Турецкий вспомнил, что Денис всегда «выкал» при посторонних, особенно при клиентах, в данном случае – при Шляпникове, держал марку. Все было понятно.
Денис испарился, а Шляпников после краткого знакомства с Питером присел за столик.
– И куда Денис Андреич рванул? – спросил Турецкий.
– Ему нужно встретить тетку на вокзале. Неожиданная ситуация. И так случилось, что мы с ним были вдвоем и без охраны. Денис настоял, чтобы я побыл с вами, если вы не против, Александр Борисович.

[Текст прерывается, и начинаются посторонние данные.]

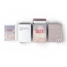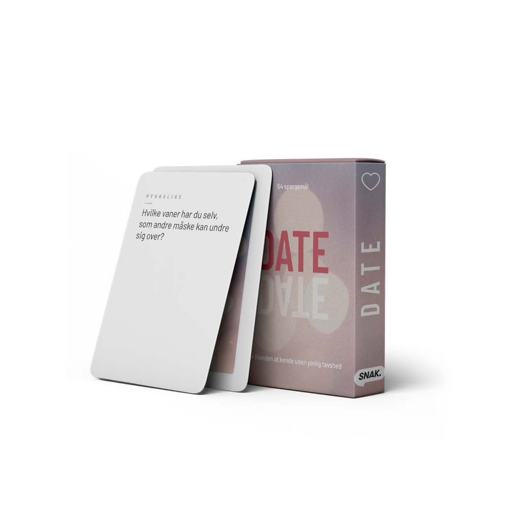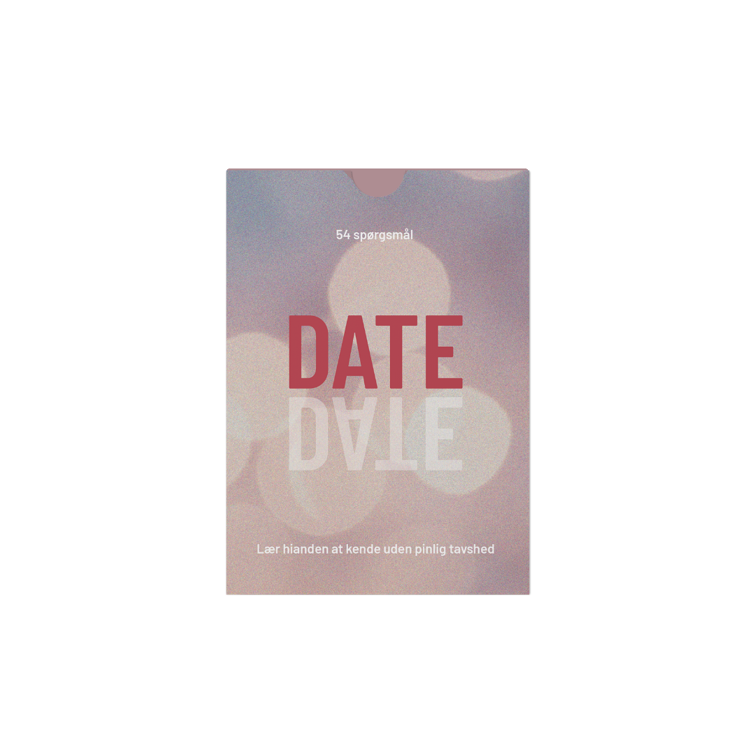 DATE er et sæt samtalekort til at få den gode samtale godt i gang fra start. På den måde kan i lære hinanden at kende uden pinlig tavshed og sammen undersøge om der er nogen gnist. Stil hinanden spørgsmål som: Hvornår sang du sidst for dig selv? Hvad gjorde dig glad som barn? Hvad sætter du mest pris på at være i et forhold?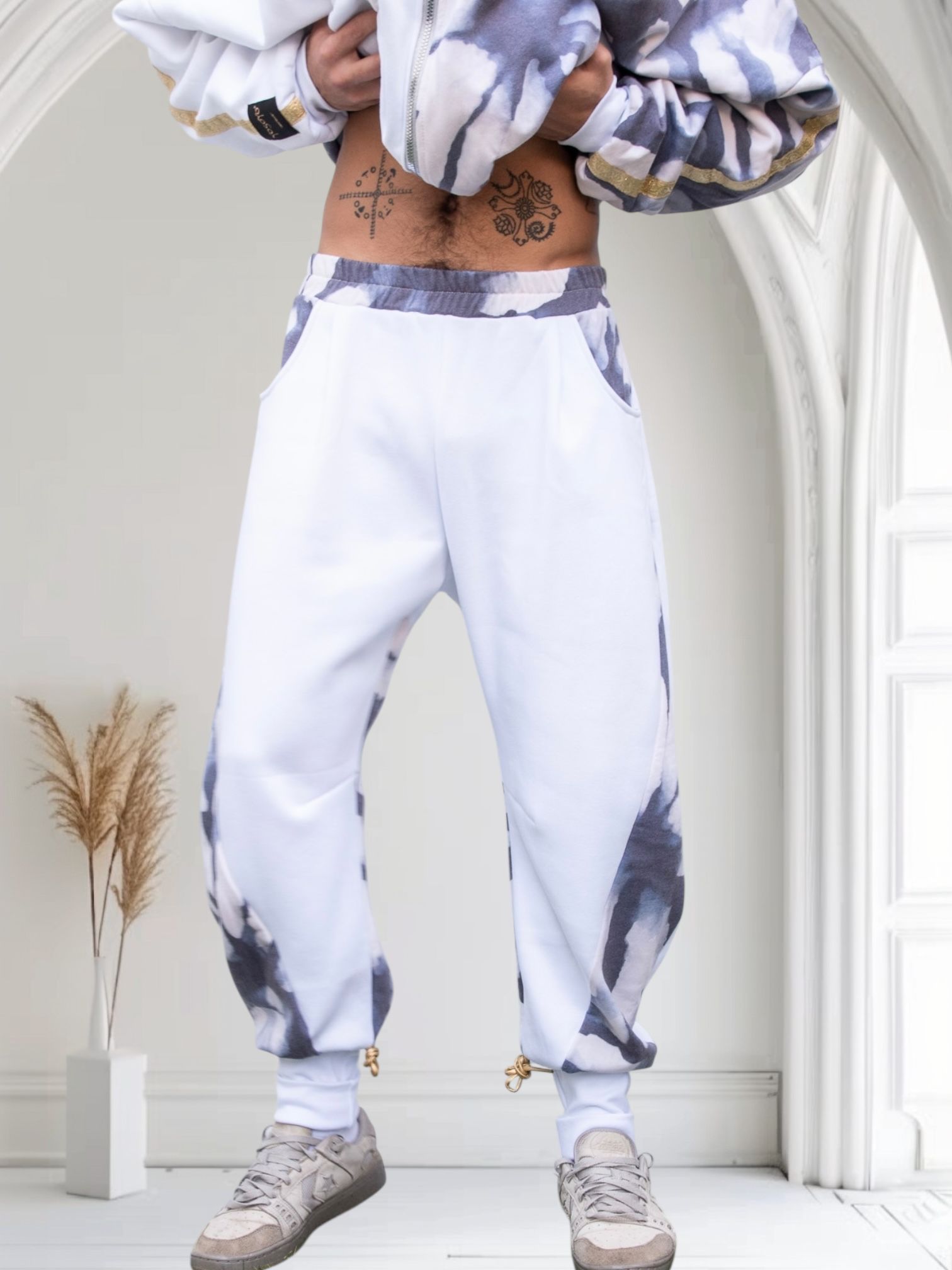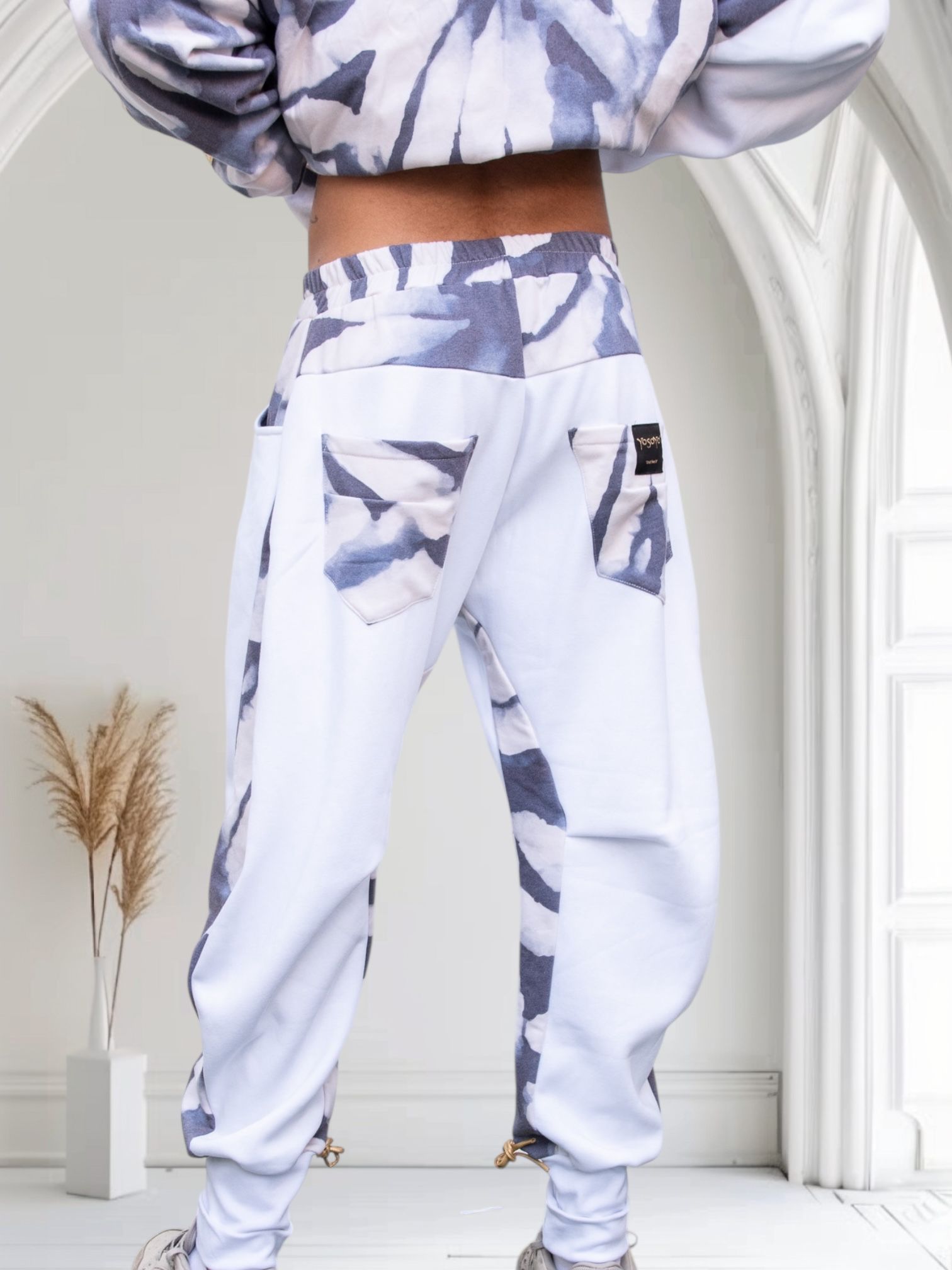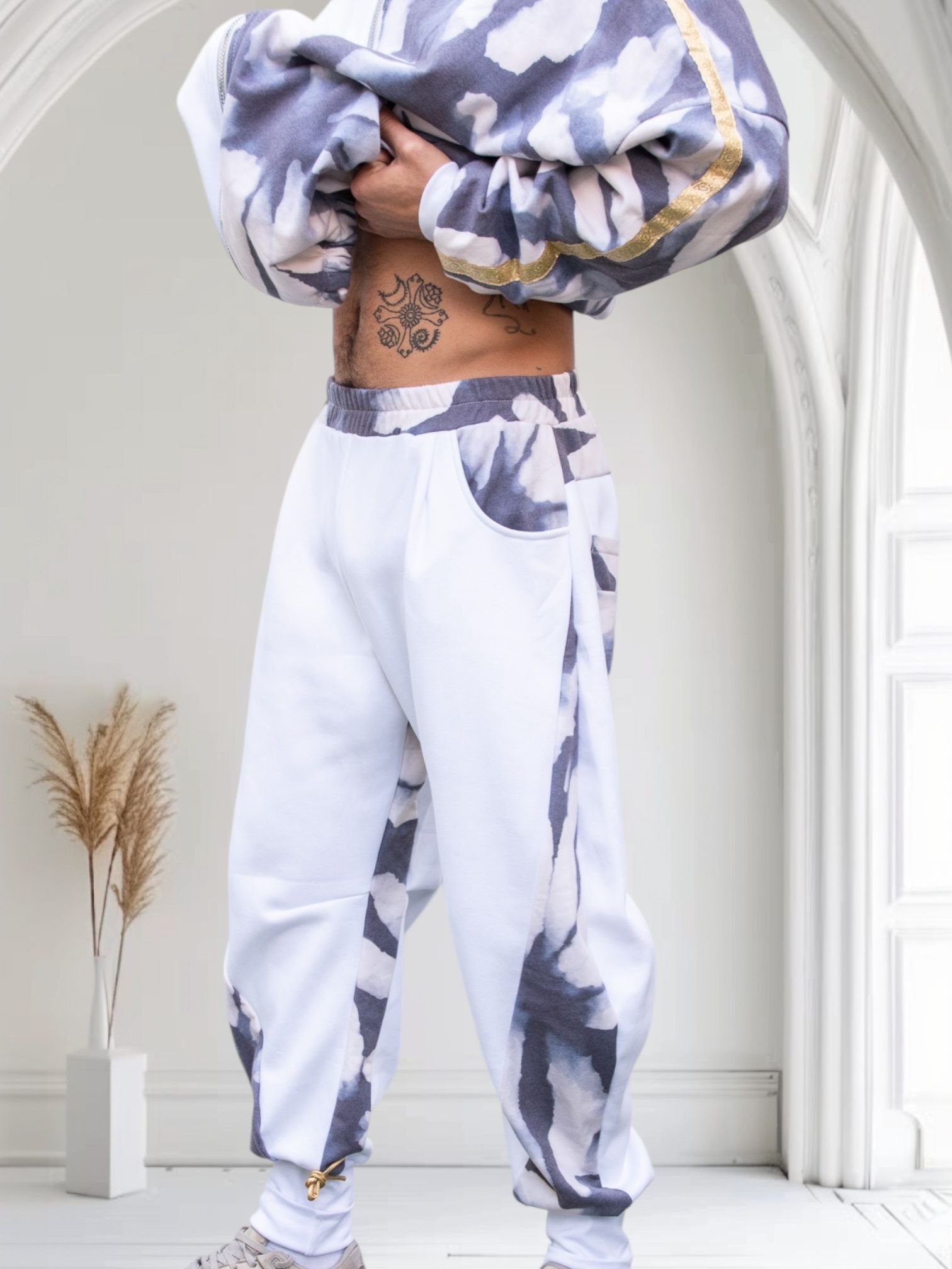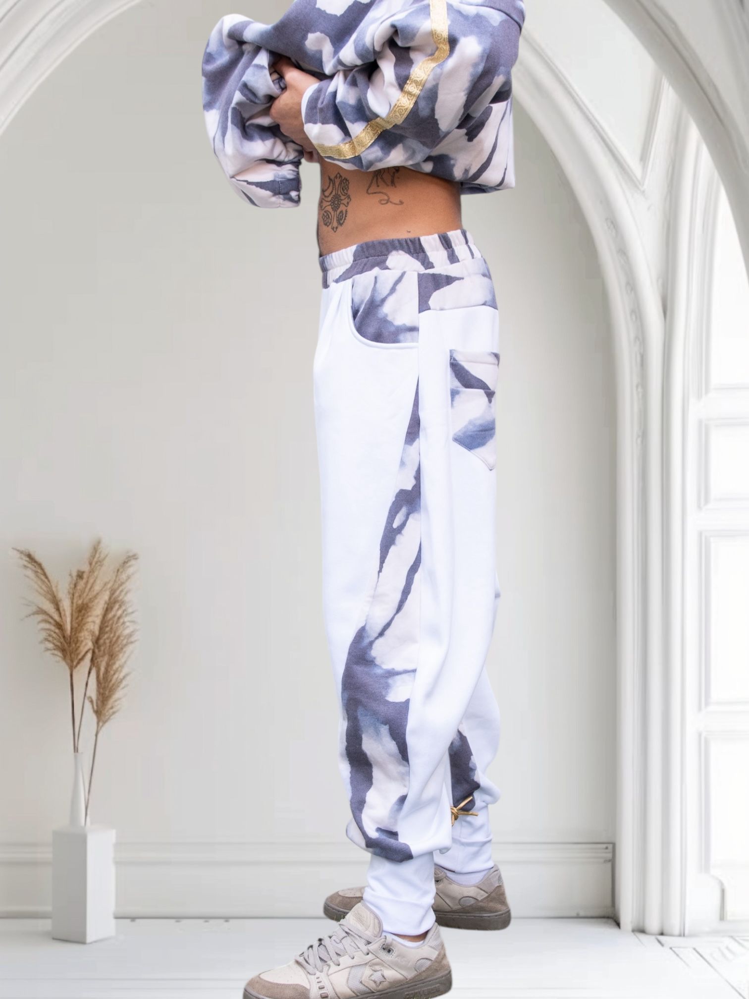 Confeccionada en tejido suave y resistente, combina el blanco con el estampado exclusivo Corazón Blue, un diseño que evoca fluidez, calma y conexión emocional. Los detalles en cinta dorada a lo largo de las mangas aportan carácter y contraste, reforzando su presencia escénica y contemporánea.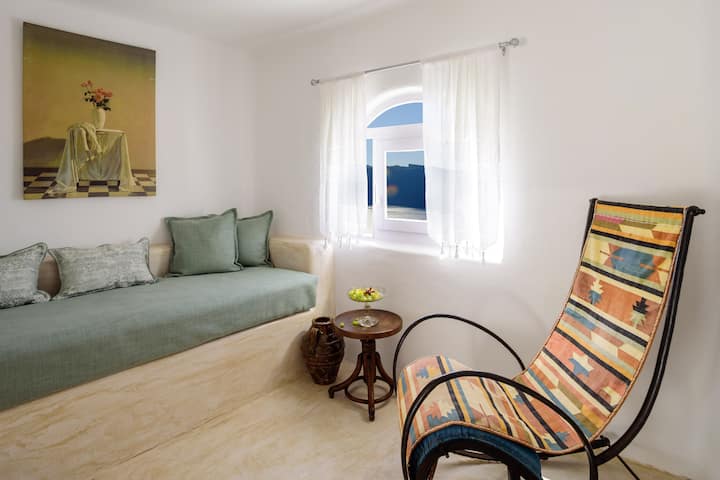 It is located on the lowest level of the Caldera and offers the possibility of walking down to “Ammoudi 's" picturesque Port via a trail with numerous steps.

Турецкий кивнул и поймал себя на том, что ему приятно видеть Шляпникова, приятно, что они знакомы, приятно с ним общаться, и вообще все сейчас было приятно. Даже странно, ведь не пил ни капли.
– У вас все в порядке, Герман Васильевич? Теперь кивнул Шляпников, после чего обратился к Реддвею.
– Чем занимаетесь, мистер Реддвей? – спросил он без особого интереса, скорее из вежливости.
– Для друзей Алекса – просто Питер.
– О'кей. Тогда просто Герман. – Мужчины еще раз с удовольствием пожали друг другу руки. – Чем занимаетесь, Питер?
– Бизнесом занимаюсь, Герман. Турецкий счел своим долгом вмешаться:
– Мистер Реддвей – в прошлом государственный служащий.
– Ну все мы когда-то были государственными служащими, – улыбнулся Шляпников.
– Но не все были заместителями директора ЦРУ, верно?
– Ого, – оценил Шляпников. – А сейчас, значит, просто бизнес?
Реддвей кивнул, и Турецкий не стал уточнять, что теперь, да и последние уже лет десять, Реддвей возглавляет международный антитеррористический центр «Пятый уровень».
– Вы отлично говорите по-русски, Питер, – сделал комплимент Шляпников. – Акцента совсем нет. Как вам это удалось? Я вот говорю на пяти языках, но на всех далеко не безупречно.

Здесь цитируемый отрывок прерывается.